Patterns by company:
Filter practice problems by difficulty and topic (many platforms let you select company tags).
Do mock interviews with peers focused on speed and communication.
Study recent interview reports and adapt — but don’t overfit to past problems.
How to prepare for company-level rounds:
Takeaway: Master core algorithms and the JS-specific behaviors companies ask about; practice under realistic interview constraints.
How Verve AI Interview Copilot Can Help You With This
Verve AI acts as a quiet co-pilot during interviews — analyzing context, suggesting structured phrasing (STAR, CAR), and helping you stay calm and articulate by proposing concise answers and follow-ups. In live sessions it reads the conversation, recommends code-skeletons or examples, and highlights edge cases to mention. Use Verve AI as on-the-fly coaching for clarity, timing, and technical framing so your responses sound practiced, confident, and correct.
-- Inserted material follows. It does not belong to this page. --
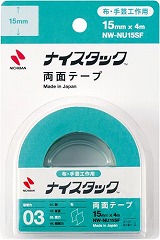 デニムやフェルトにもしっかり接着する布用両面テープ。布と布・布と紙・木・アップリケとの接着や、手芸用としてリボン・アップリケ等の接着にお使いいただけます。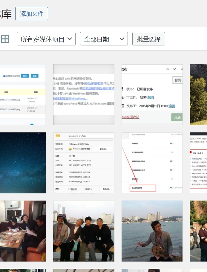 作为对比,Wordpress的媒体库,在很久之前就已经是这样了:文章源自原紫番博客-https://www.yuanzifan.com/57138.html

Try Verve AI Interview Copilot to get contextual prompts and real-time guidance.
(Note: This section contains three mentions of Verve AI as required.)
What Are the Most Common Questions About This Topic
Q: Can Verve AI help with behavioral interviews?
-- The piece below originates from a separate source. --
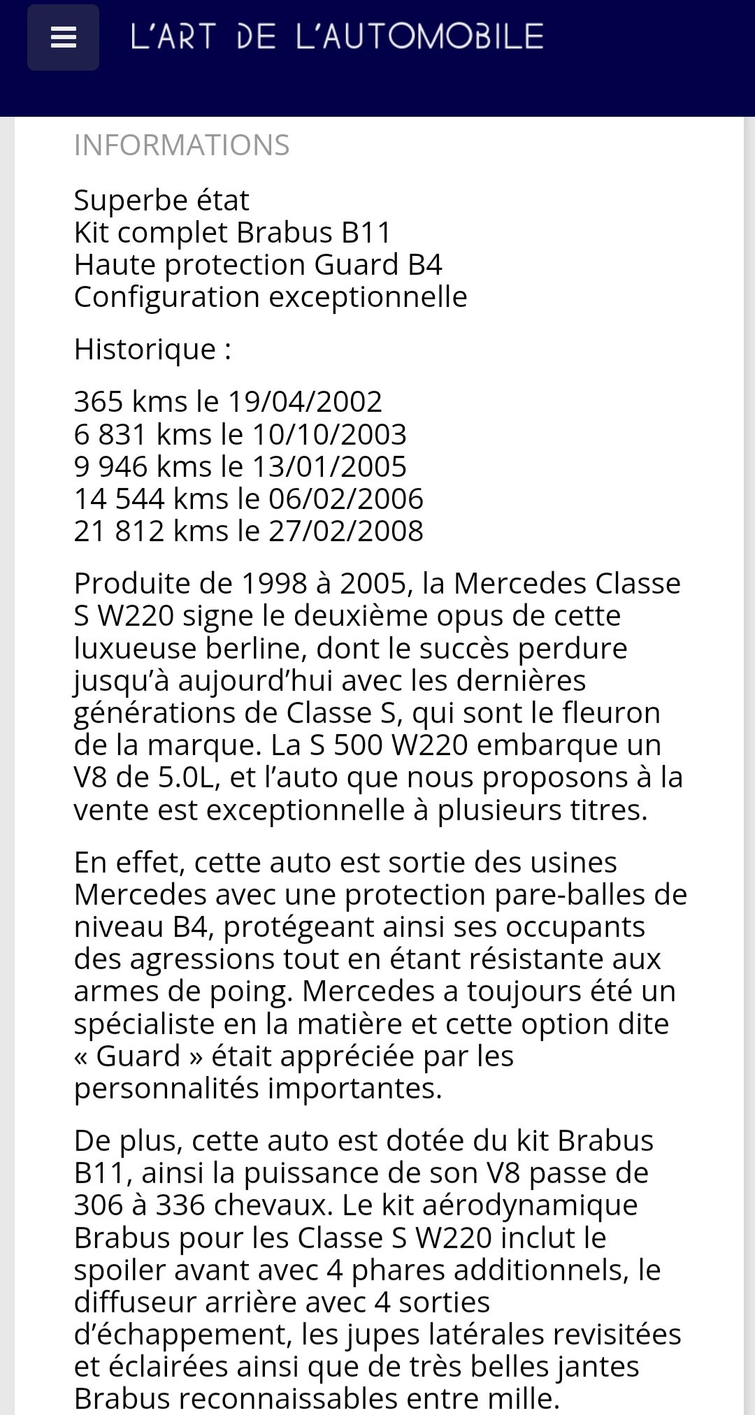L'historique est limpide en plus Toujours aussi pourri Lacentrale. Vu qu'il n'y pas de possibilités d'ajouter du texte, il manque les informations sur le blindage, la préparation, les options Designo etc... |

A: Yes — it uses STAR and CAR frameworks to guide real-time answers, suggest bullet points, and refine your phrasing.
Q: Which platforms are best for JavaScript practice?
A: LeetCode and HackerRank offer algorithmic practice; curated GitHub repos and Roadmap.sh provide role-specific JS problems.
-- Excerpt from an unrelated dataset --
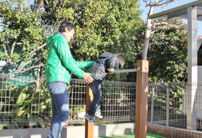 お庭に鉄棒があれば、お子さんに教えてあげたり、一緒に遊んだりと、一緒に過ごす楽しいお庭になりますよ。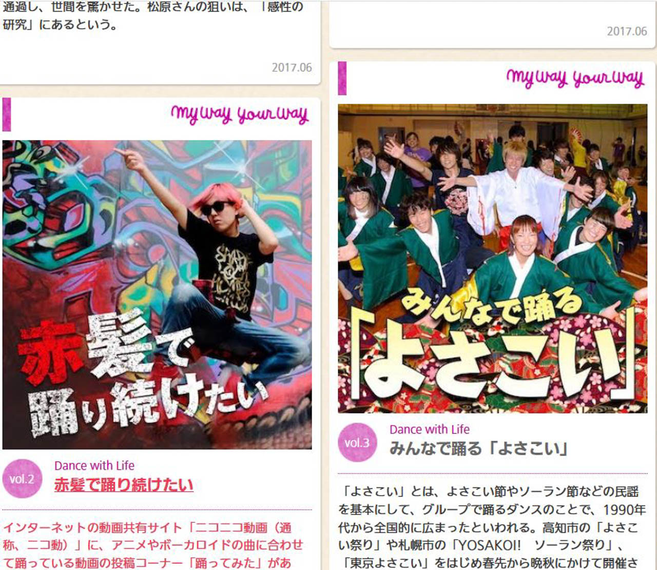 長く海外に暮らす日本人教師は1/365 の「バレンタインデー」で40人に友チョコを渡したという記事に刺激を受け、韓国の教師は「父の日」「母の日」の記事から、韓国にある「親の日」と比較する授業案をつくった。いちばん人気だったのは、My Way Your Way に登場する「なんちゃって制服」をデザイン、販売する社長の記事で、ワークショップでつくった案で実際に多くの授業が行われ、韓国、オーストラリア、ニュージーランドで高校生が考える制服のデザインができあがった。

Q: How long should I study to be interview-ready?
A: A focused 4–6 week plan with daily 60–90 minute practice sessions and weekly mock interviews is effective for most candidates.
Q: Should I learn TypeScript for JS interviews?
A: TypeScript can help in frontend roles; prioritize core JS first, then add TS for code-safety and employer preference.
Q: How do I explain async mistakes during an interview?
A: Describe the bug, identify event-loop/microtask causes, explain the fix (Promise vs async/await) and tests you'd add.
(Each answer above is concise and crafted for quick clarity during common question searches.)
Recommended Resources and Curated Reading List
Jumpstart with a broad Q&A list: Dev.to frontend guide (2025).
Reference in-depth explanations and examples: GeeksforGeeks JavaScript interview questions.
Practice targeted problems and company-style sets: Roadmap.sh JavaScript questions.
Use curated repos for hands-on problems and examples: Top JavaScript Interview Questions on GitHub.
For advanced, language-specific edge cases and interview-style prompts: Toptal’s curated questions.
For concise, structured practice and drills: InterviewBit JavaScript interview Q&A.
Takeaway: Use a mix of curated written guides, code practice platforms, and community repos to cover questions from concept to implementation.
Practice Checklist: What to Do the Week Before an Interview
Review your Top 10 language fundamentals and one-line explainers.
Re-solve 6–8 problems from the Top 30 list with timed constraints.
Perform 2 mock interviews (30–45 minutes) with feedback.
Prepare 3 project stories (challenges, decisions, outcomes).
Test your dev environment and screen sharing ahead of time.
Takeaway: A focused, practical check-list reduces anxiety and sharpens natural explanations on interview day.
Conclusion
Recap: Prioritize the 30 problem types above — combining language fundamentals, common data-structure patterns, and async understanding — and follow a structured 4–6 week study plan. Practice under timed conditions, explain complexity and edge cases clearly, and rehearse behavioral stories. For real-time coaching and context-aware prompts during interviews, Try Verve AI Interview Copilot to feel confident and prepared for every interview.